● **Required work**:
Please repeat the listing below exactly, but do not include its pictures.

● **Stored data**:
• • • •

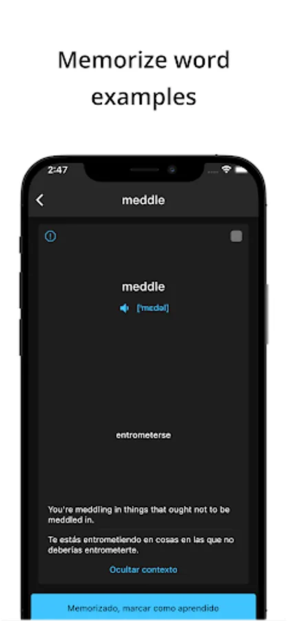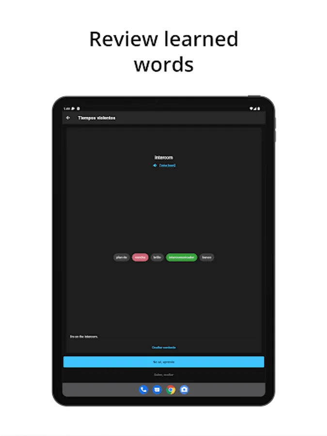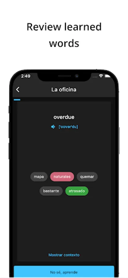 - a section with all learned words and words in the process of learning to repeat words at any time or re-learn a forgotten word.
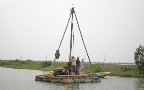 ベトナムにおける地質調査(軟弱地盤におけるボーリング調査)の様子
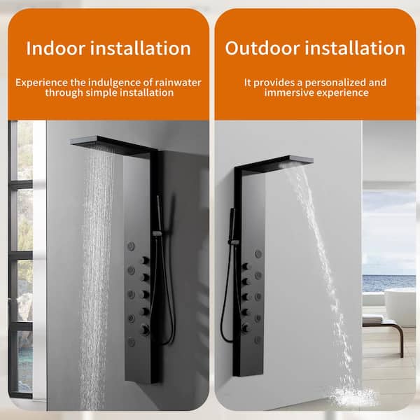 4-in-One 5-Jet Shower Panel System with Rainfall Waterfall Shower Head and Body Spray in Matte Black, Easy to Install
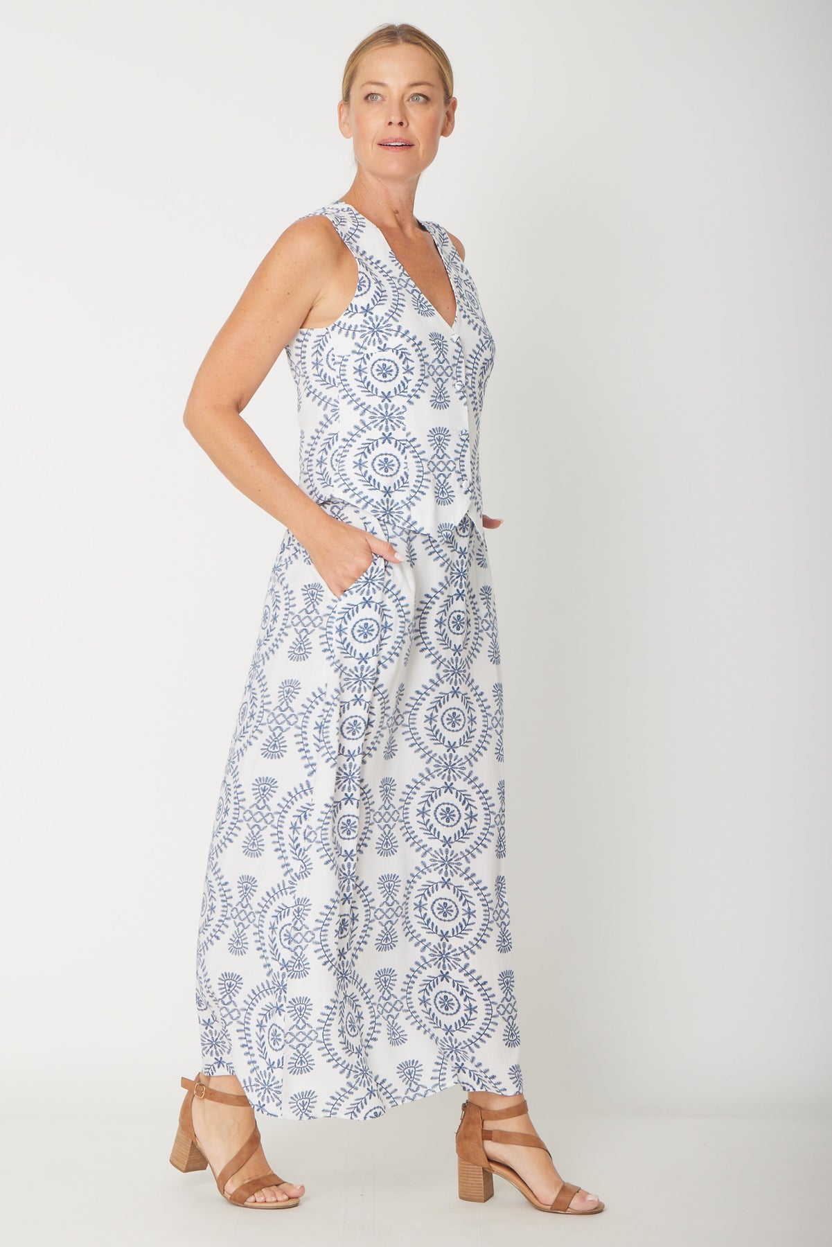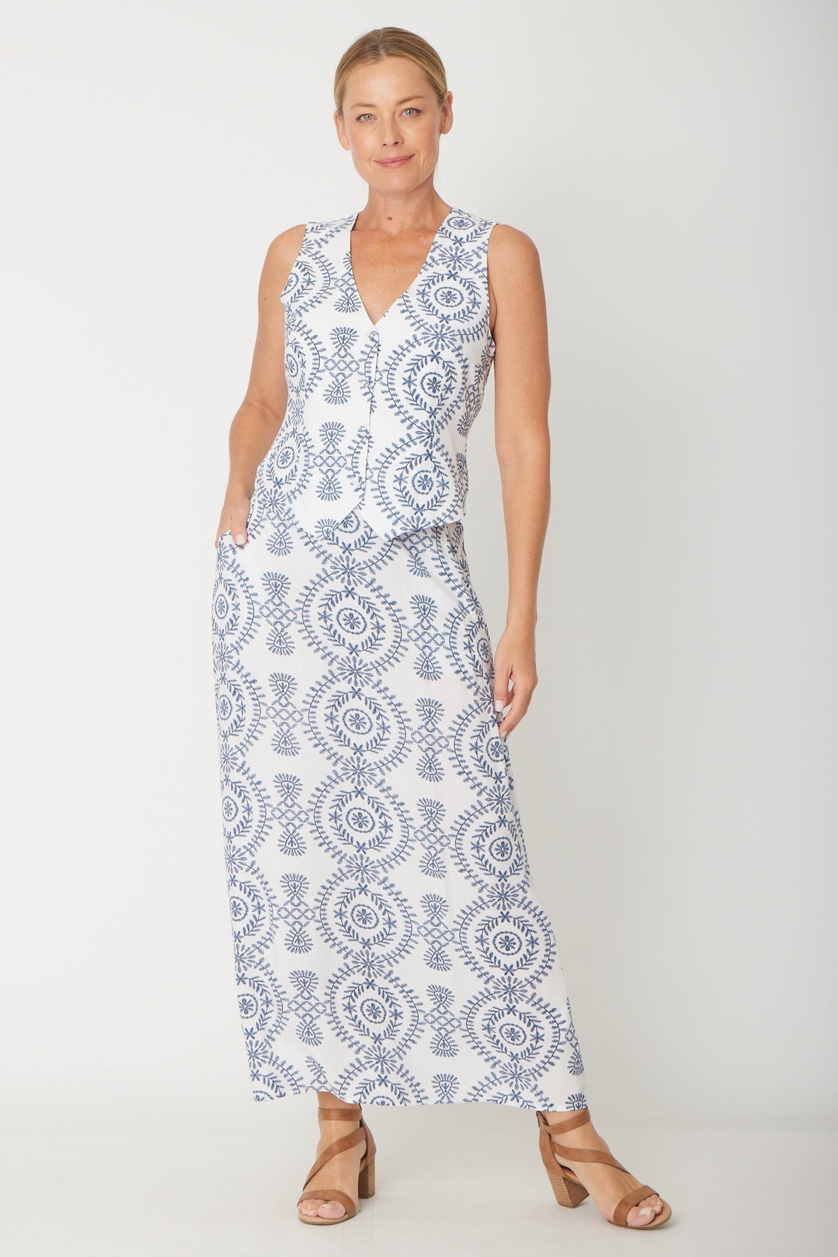 This season's must-have bandana button vest combines effortless style with versatile wear. Designed to be bra-friendly, wear it buttoned for a polished look or leave it open over a tee for casual appeal. The classic white and navy colourway pairs seamlessly with the matching skirt for coordinated elegance, or style it with jeans, denim pants, or shorts for everyday versatility. Whether you're dressing up or down, this on-trend piece adapts to your wardrobe and mood.
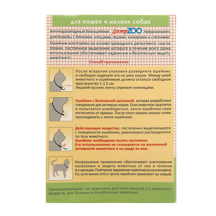 РЕКОМЕНДАЦИИ: После надевания ошейника необходимо тщательно вымыть руки водой с мылом. Не рекомендуется применять больным или ослабленным животным, беременным (в последнюю треть беременности) или кормящим самкам, а также котятам моложе 2-х месяцев.
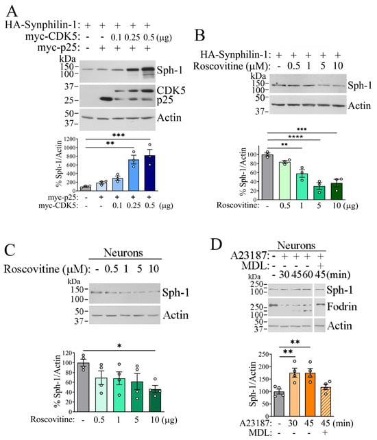 Figure 4C). To further support these findings, we utilized the calcium ionophore A23187, which activates CDK5 by inducing calpain-dependent cleavage of p35 into p25 [
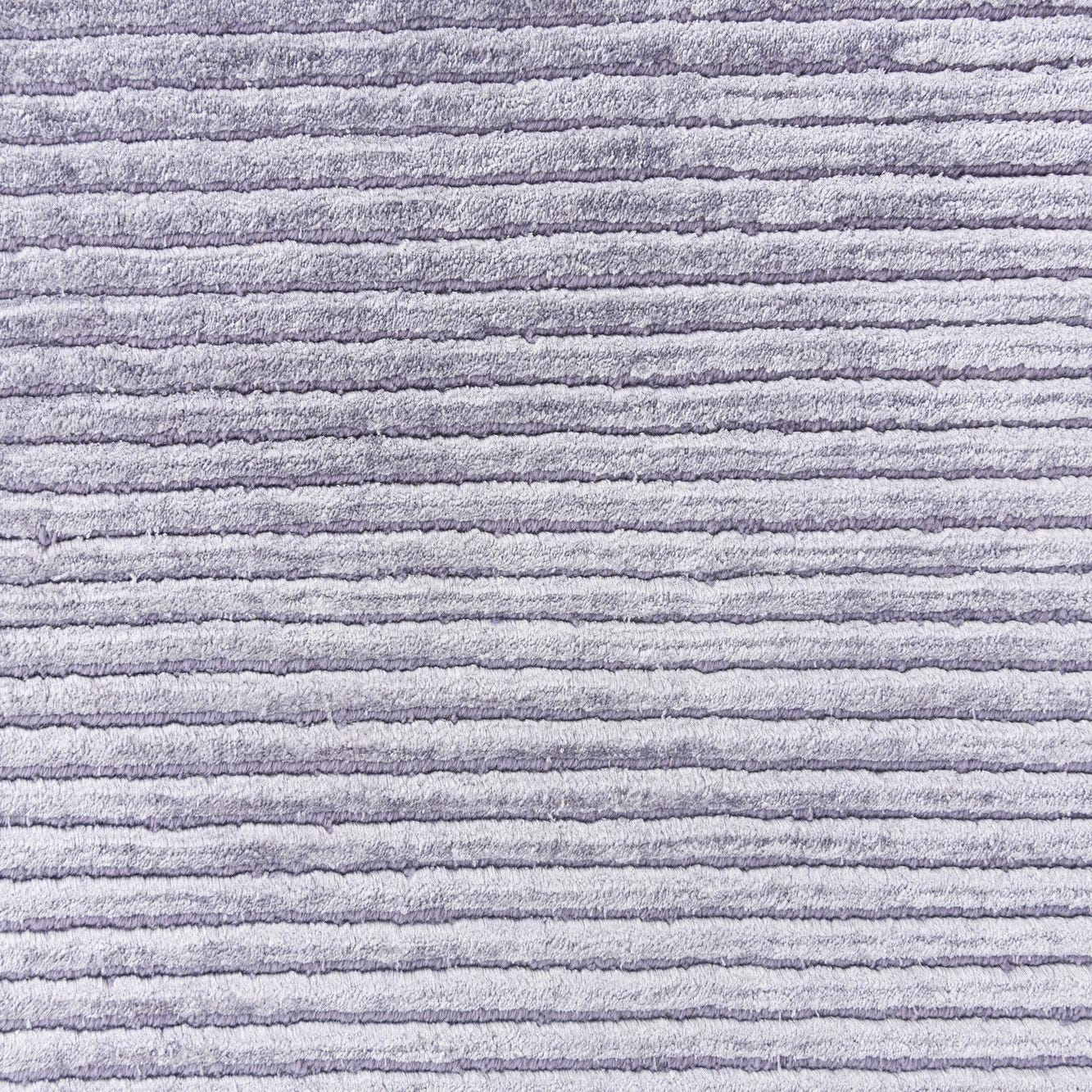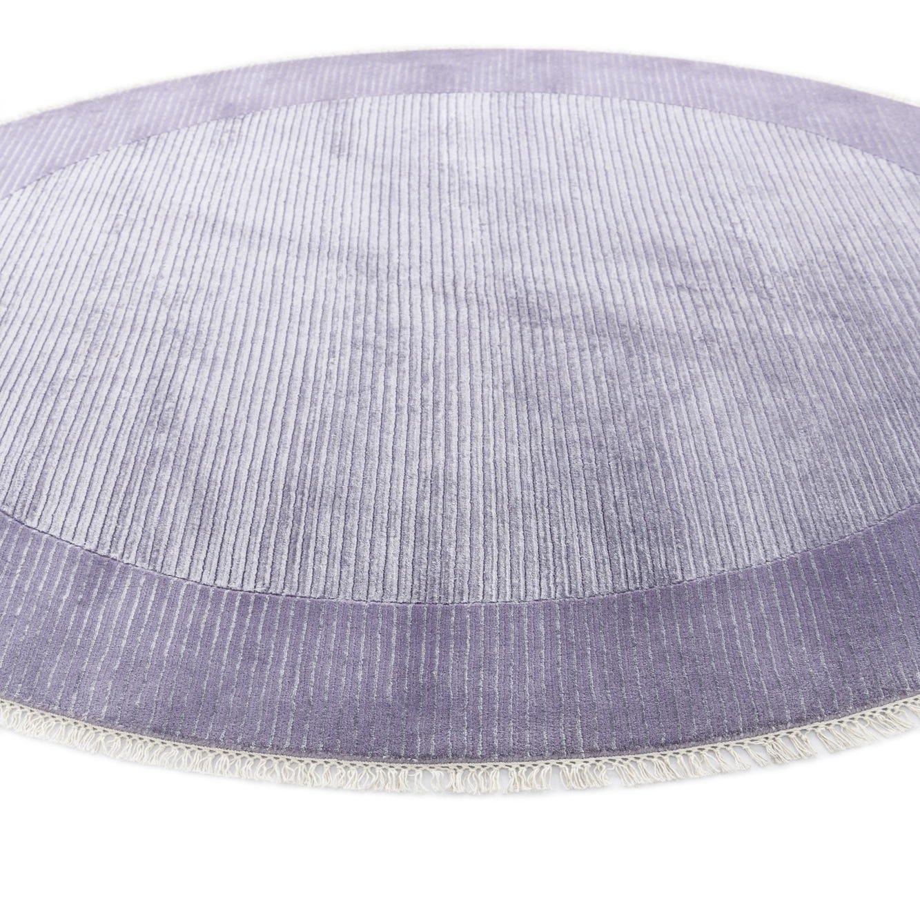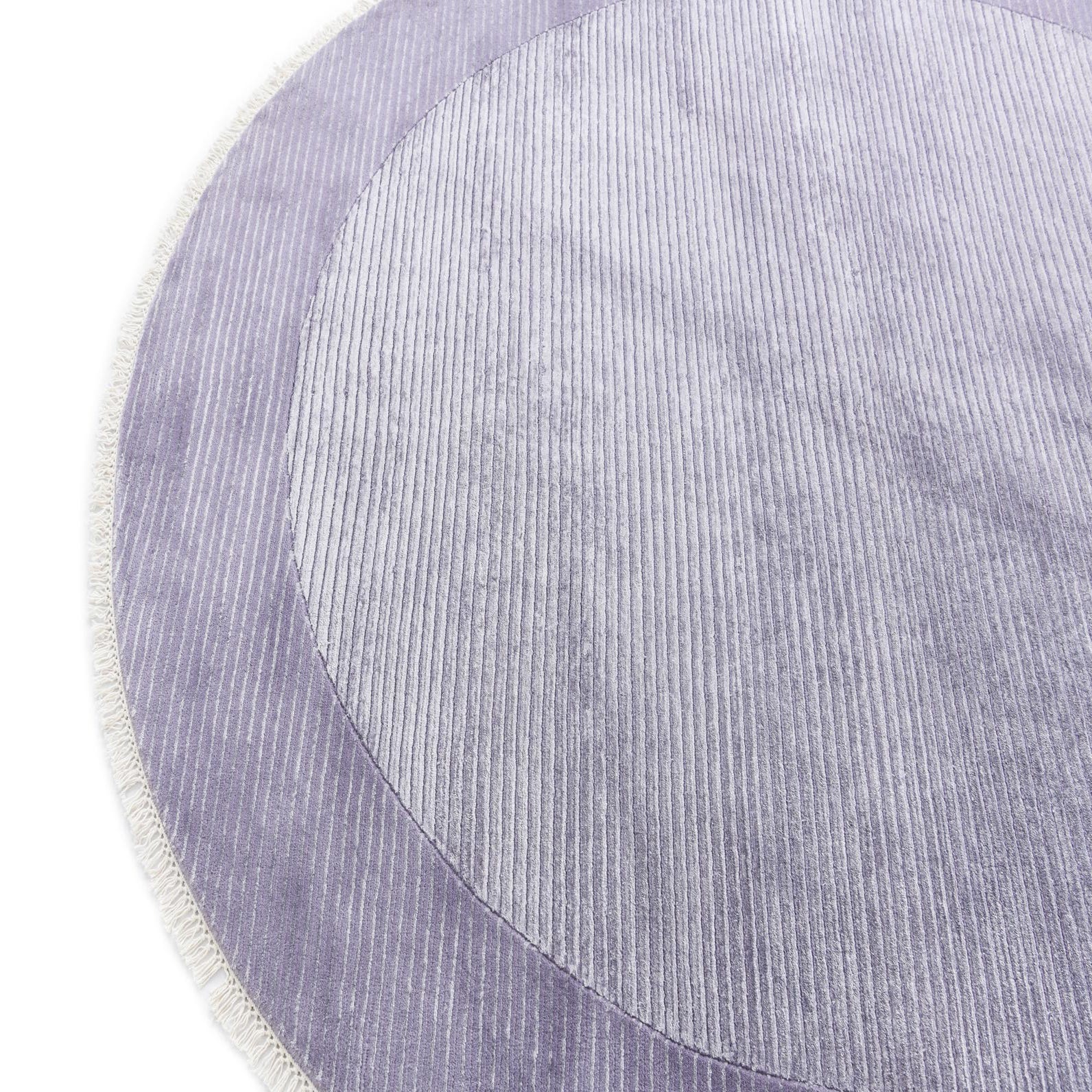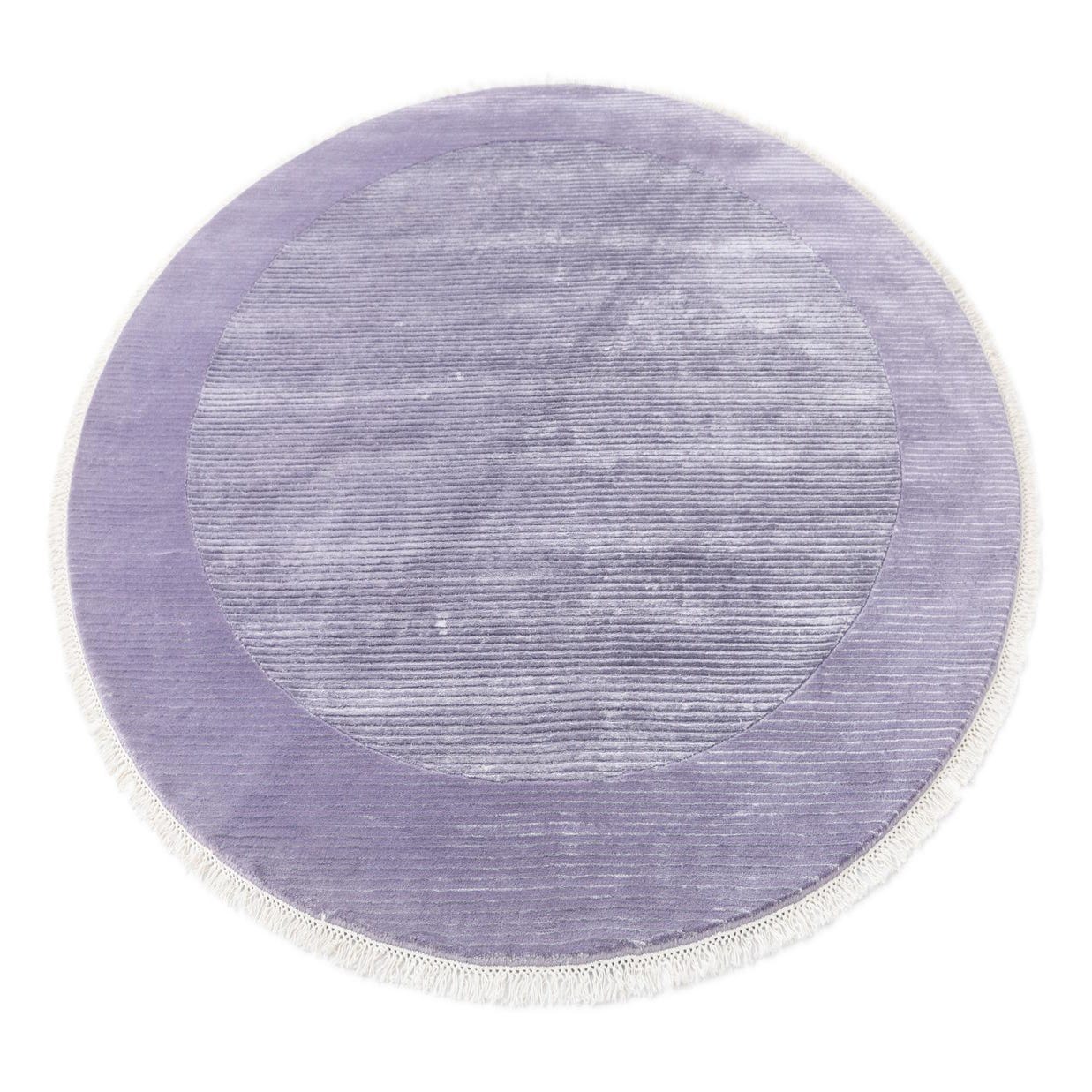 A round 6' 6 x 6' 6 purple wool rug with a subtle striped pattern and fringe, perfect for a modern living space.

• • • •

● **Result**:
 - a section with all learned words and words in the process of learning to repeat words at any time or re-learn a forgotten word.
 ベトナムにおける地質調査(軟弱地盤におけるボーリング調査)の様子
 4-in-One 5-Jet Shower Panel System with Rainfall Waterfall Shower Head and Body Spray in Matte Black, Easy to Install
 This season's must-have bandana button vest combines effortless style with versatile wear. Designed to be bra-friendly, wear it buttoned for a polished look or leave it open over a tee for casual appeal. The classic white and navy colourway pairs seamlessly with the matching skirt for coordinated elegance, or style it with jeans, denim pants, or shorts for everyday versatility. Whether you're dressing up or down, this on-trend piece adapts to your wardrobe and mood.
 РЕКОМЕНДАЦИИ: После надевания ошейника необходимо тщательно вымыть руки водой с мылом. Не рекомендуется применять больным или ослабленным животным, беременным (в последнюю треть беременности) или кормящим самкам, а также котятам моложе 2-х месяцев.
 Figure 4C). To further support these findings, we utilized the calcium ionophore A23187, which activates CDK5 by inducing calpain-dependent cleavage of p35 into p25 [
 A round 6' 6 x 6' 6 purple wool rug with a subtle striped pattern and fringe, perfect for a modern living space.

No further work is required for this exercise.